Direct-ink-writing creates glucose biosensor with less waste

Researchers have used direct-ink-writing to create a 3D‑printed glucose biosensor for use in wearable monitors, an advance in manufacturing that overcomes current issues around waste and cleanroom processing.

Arda Gozen, assistant professor, WSU School of Mechanical and Materials Engineering, in the Manufacturing Processes and Machinery Lab (Credit: WSU)

The work by Washington State University researchers could lead to improved glucose monitors for millions of people living with diabetes.

Led by Arda Gozen and Yuehe Lin, faculty in the School of Mechanical and Materials Engineering, the research has been published in the journal Analytica Chimica Acta.

Diabetics commonly monitor their condition with glucose meters that require constant finger pricking. Continuous glucose monitoring systems are an alternative but are not cost effective.

According to WSU, researchers have been working on wearable, flexible electronics that conform to patients’ skin and monitor glucose in bodily fluids. To build such sensors, manufacturers have used photolithography or screen printing. Whilst effective, these methods create a lot of waste and require the use of harmful chemicals and expensive cleanroom processing.

Using 3D printing, the WSU research team developed a glucose monitor claimed to be more stable and sensitive compared to those manufactured through traditional methods.

The researchers used direct-ink-writing (DIW), that involves printing polymer nanocomposite inks out of nozzles to create intricate and precise designs. The researchers printed out a nanoscale material that is electrically conductive to create flexible electrodes. The WSU team’s technique reportedly allows a precise application of the material, resulting in a uniform surface and fewer defects, which increases the sensor’s sensitivity. The researchers found that their 3D‑printed sensors did better at picking up glucose signals than the traditionally produced electrodes.

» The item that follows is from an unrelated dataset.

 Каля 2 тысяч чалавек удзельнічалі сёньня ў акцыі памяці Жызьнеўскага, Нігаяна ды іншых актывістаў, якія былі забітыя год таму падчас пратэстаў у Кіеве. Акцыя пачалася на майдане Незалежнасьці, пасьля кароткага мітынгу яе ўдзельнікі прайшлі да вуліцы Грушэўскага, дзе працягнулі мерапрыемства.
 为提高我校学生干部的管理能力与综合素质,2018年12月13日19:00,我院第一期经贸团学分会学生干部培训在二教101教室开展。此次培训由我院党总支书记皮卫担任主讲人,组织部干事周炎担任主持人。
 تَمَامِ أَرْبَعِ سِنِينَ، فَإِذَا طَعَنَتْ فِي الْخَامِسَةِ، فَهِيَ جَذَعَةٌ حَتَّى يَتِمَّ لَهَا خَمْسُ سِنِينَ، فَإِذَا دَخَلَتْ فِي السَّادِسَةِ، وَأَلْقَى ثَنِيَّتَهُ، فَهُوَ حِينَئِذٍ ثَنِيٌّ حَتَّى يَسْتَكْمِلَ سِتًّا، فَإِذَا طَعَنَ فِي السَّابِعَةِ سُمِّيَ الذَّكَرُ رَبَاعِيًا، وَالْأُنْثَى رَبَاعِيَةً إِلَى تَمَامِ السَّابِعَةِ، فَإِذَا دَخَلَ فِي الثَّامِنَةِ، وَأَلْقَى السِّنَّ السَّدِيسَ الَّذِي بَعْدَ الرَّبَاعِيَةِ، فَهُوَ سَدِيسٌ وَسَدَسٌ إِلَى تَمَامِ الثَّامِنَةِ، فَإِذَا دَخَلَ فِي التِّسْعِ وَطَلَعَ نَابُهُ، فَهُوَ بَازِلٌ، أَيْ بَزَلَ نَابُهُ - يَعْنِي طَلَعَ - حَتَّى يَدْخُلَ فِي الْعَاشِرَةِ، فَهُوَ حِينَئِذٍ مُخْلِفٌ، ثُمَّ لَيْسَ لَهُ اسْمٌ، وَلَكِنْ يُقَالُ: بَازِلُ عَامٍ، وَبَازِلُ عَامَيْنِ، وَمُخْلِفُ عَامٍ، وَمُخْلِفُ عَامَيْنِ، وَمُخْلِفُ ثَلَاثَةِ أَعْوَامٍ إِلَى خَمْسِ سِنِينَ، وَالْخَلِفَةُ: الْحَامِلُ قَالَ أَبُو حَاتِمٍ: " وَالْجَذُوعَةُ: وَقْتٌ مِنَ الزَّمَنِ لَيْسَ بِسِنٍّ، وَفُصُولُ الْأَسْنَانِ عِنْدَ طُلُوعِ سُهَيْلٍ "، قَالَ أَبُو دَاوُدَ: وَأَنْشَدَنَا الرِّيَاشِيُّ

The use of 3D printing could lead to more personalised treatment based on a person’s biology. Similarly, 3D printing only uses the amount of material needed, so there is also less waste in the process than traditional manufacturing methods, which can bring down costs.

For large‑scale use, the printed biosensors will need to be integrated with electronic components on a wearable platform. But, manufacturers could use the same 3D printer nozzles used for printing the sensors to print electronics and other components of a wearable medical device, helping to consolidate manufacturing processes and reduce costs even more, said Gozen.

“Our 3D printed glucose sensor will be used as a wearable sensor for replacing painful finger pricking. Since this is a non-invasive, needleless technique for glucose monitoring, it will be easier for children’s glucose monitoring,” said Lin.

The team is now working to integrate the sensors into a packaged system that can be used as a wearable device for long‑term glucose monitoring.